» **RECORDS PROVIDED**:
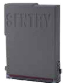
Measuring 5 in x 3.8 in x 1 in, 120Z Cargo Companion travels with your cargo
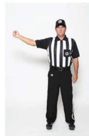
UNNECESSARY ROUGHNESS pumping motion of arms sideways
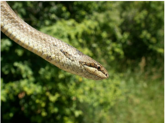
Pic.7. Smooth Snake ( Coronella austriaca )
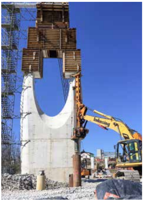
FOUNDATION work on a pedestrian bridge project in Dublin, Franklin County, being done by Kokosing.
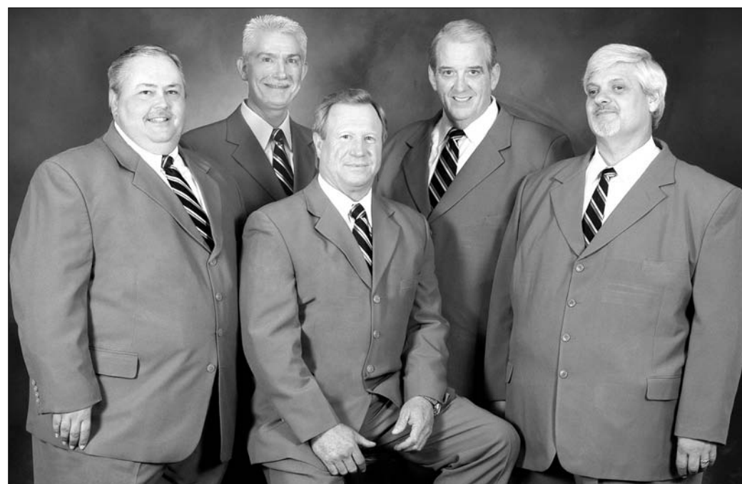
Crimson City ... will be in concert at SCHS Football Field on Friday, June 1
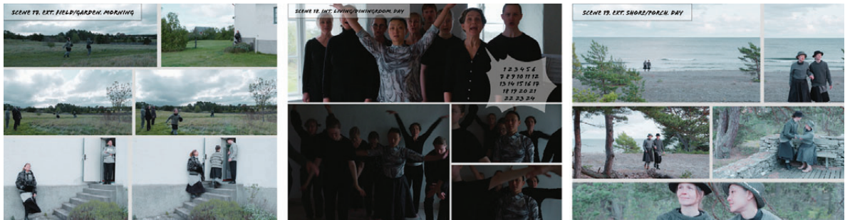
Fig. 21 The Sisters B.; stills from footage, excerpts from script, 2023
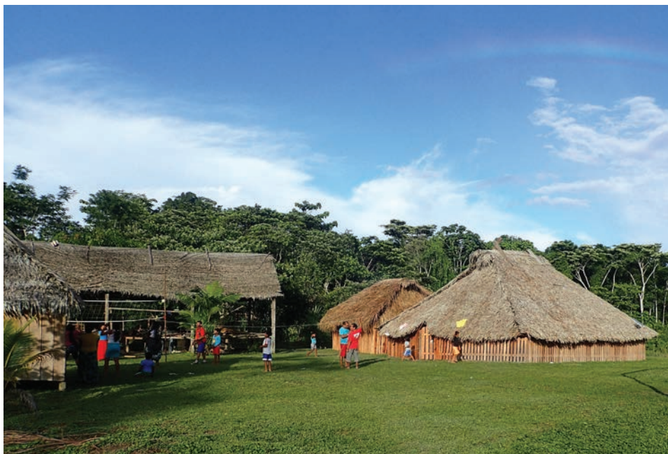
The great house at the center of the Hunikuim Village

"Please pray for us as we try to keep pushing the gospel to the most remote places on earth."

--

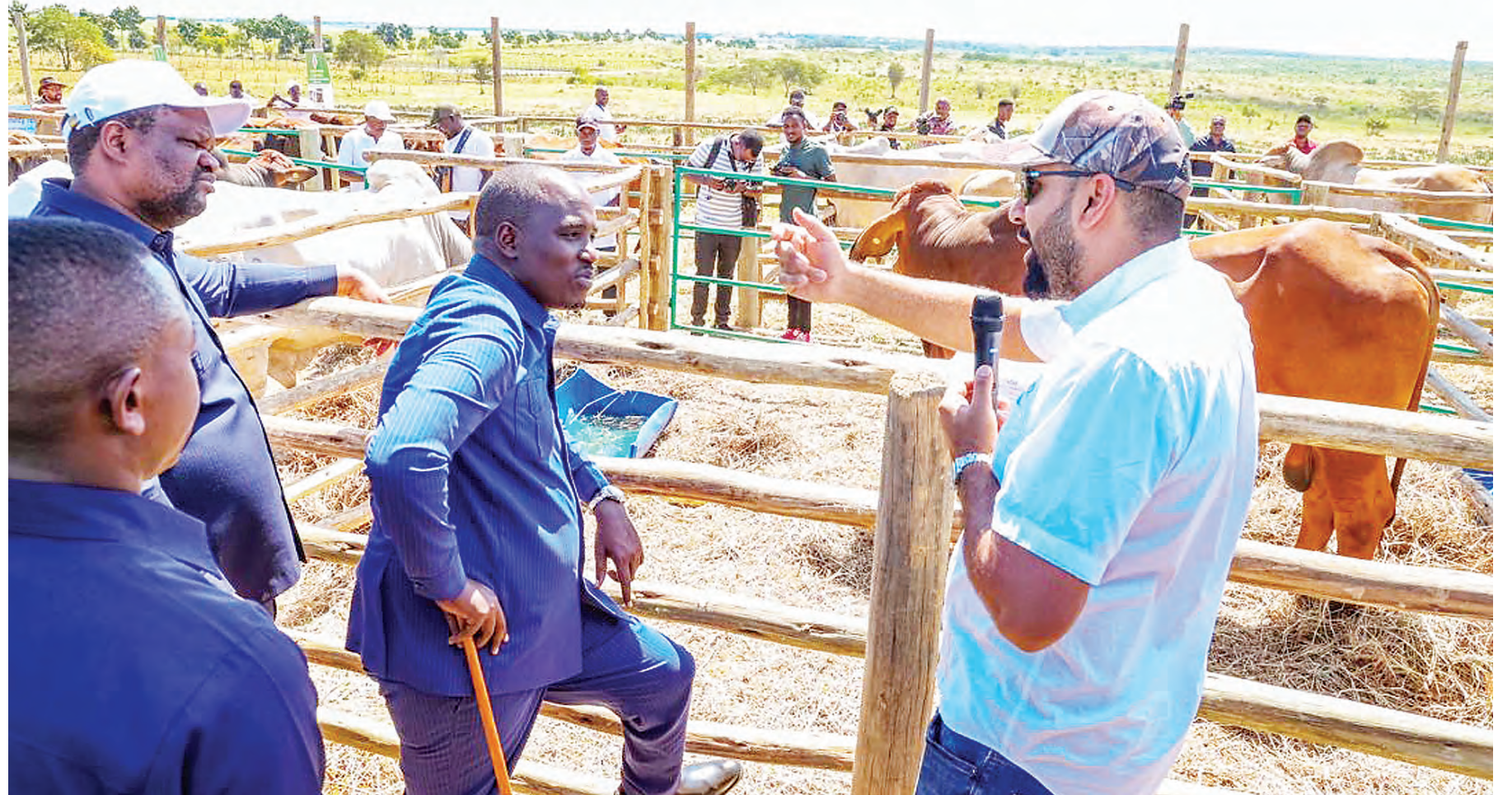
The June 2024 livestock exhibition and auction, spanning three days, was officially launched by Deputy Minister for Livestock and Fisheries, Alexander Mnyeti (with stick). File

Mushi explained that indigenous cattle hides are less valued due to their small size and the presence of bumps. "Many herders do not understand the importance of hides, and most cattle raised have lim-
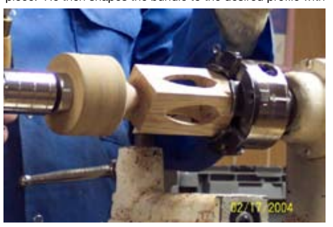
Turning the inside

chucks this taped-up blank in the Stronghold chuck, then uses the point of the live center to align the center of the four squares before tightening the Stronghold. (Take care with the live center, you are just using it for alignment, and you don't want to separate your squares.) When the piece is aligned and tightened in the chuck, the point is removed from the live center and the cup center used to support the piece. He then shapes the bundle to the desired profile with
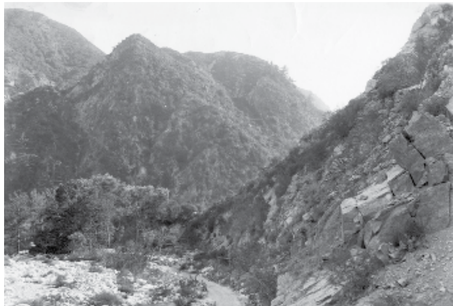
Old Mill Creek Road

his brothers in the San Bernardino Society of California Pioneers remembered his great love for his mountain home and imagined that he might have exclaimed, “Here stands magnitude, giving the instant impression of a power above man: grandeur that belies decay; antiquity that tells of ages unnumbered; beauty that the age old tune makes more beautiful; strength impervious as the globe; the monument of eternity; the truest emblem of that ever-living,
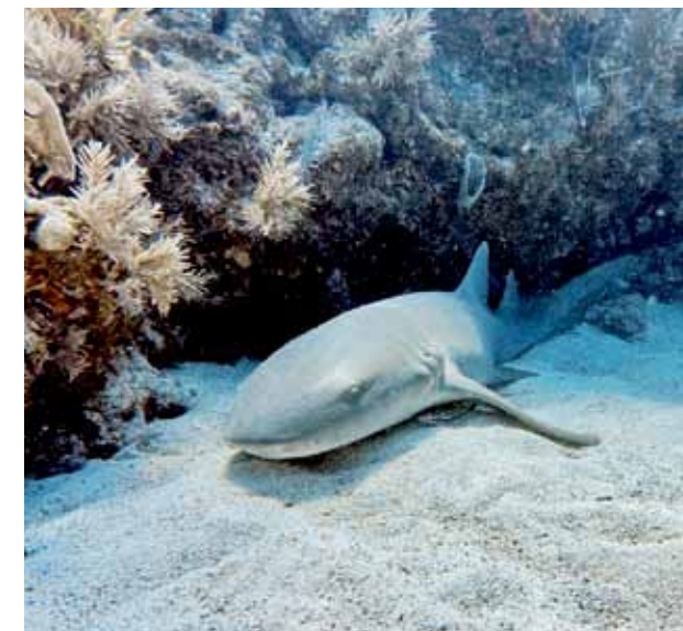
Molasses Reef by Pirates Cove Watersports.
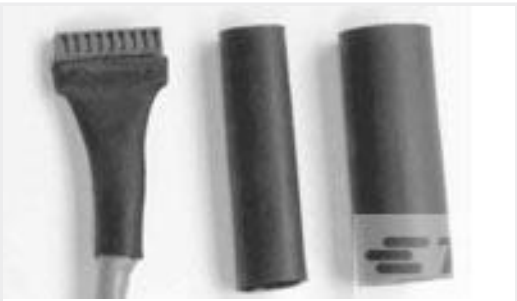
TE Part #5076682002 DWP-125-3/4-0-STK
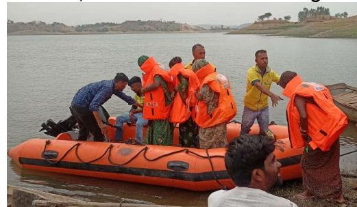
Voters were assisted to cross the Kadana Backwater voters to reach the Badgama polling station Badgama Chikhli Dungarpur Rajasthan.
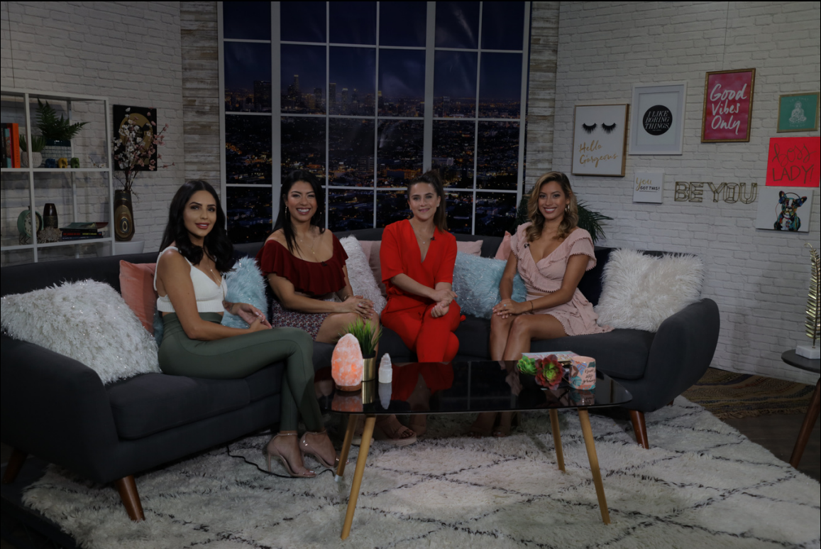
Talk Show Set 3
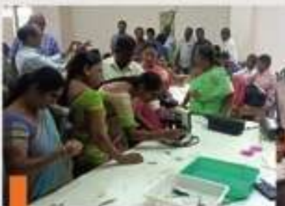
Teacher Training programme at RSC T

* * *

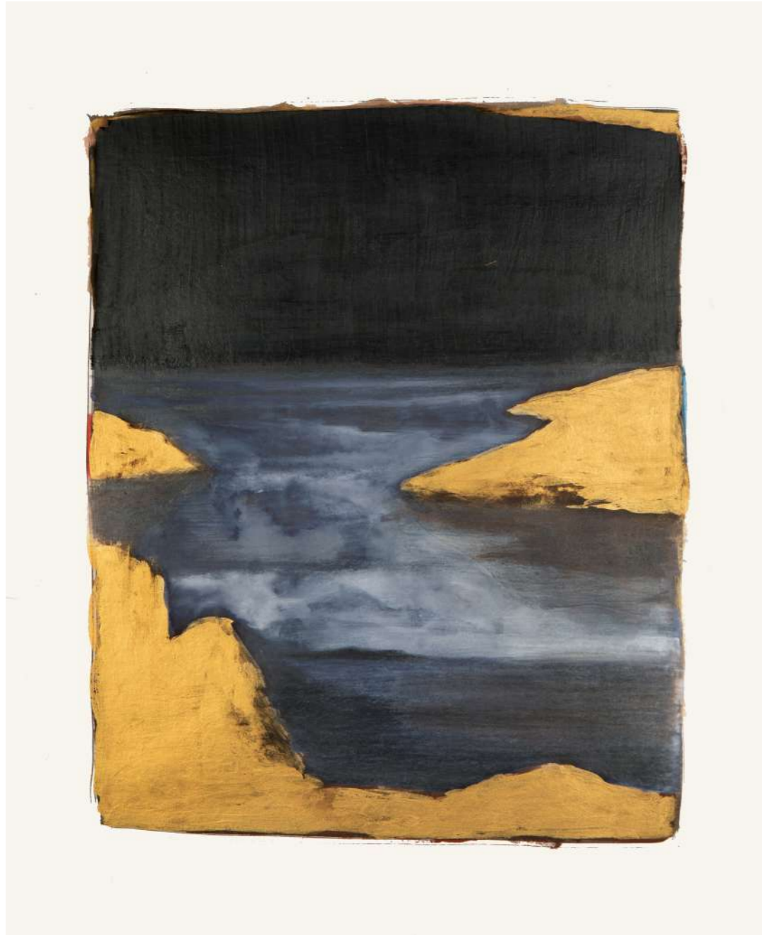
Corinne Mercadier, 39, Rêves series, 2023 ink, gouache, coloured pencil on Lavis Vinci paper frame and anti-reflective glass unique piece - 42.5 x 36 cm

» **REQUIRED ACTION**:
The answer is those lines of the material above that run from the one containing "Crimson City ..." up to and including the one containing "pray for us", restated exactly and without images.

» **WRITTEN RESPONSE**:
Crimson City ... will be in concert at SCHS Football Field on Friday, June 1
Fig. 21 The Sisters B.; stills from footage, excerpts from script, 2023
The great house at the center of the Hunikuim Village

"Please pray for us as we try to keep pushing the gospel to the most remote places on earth."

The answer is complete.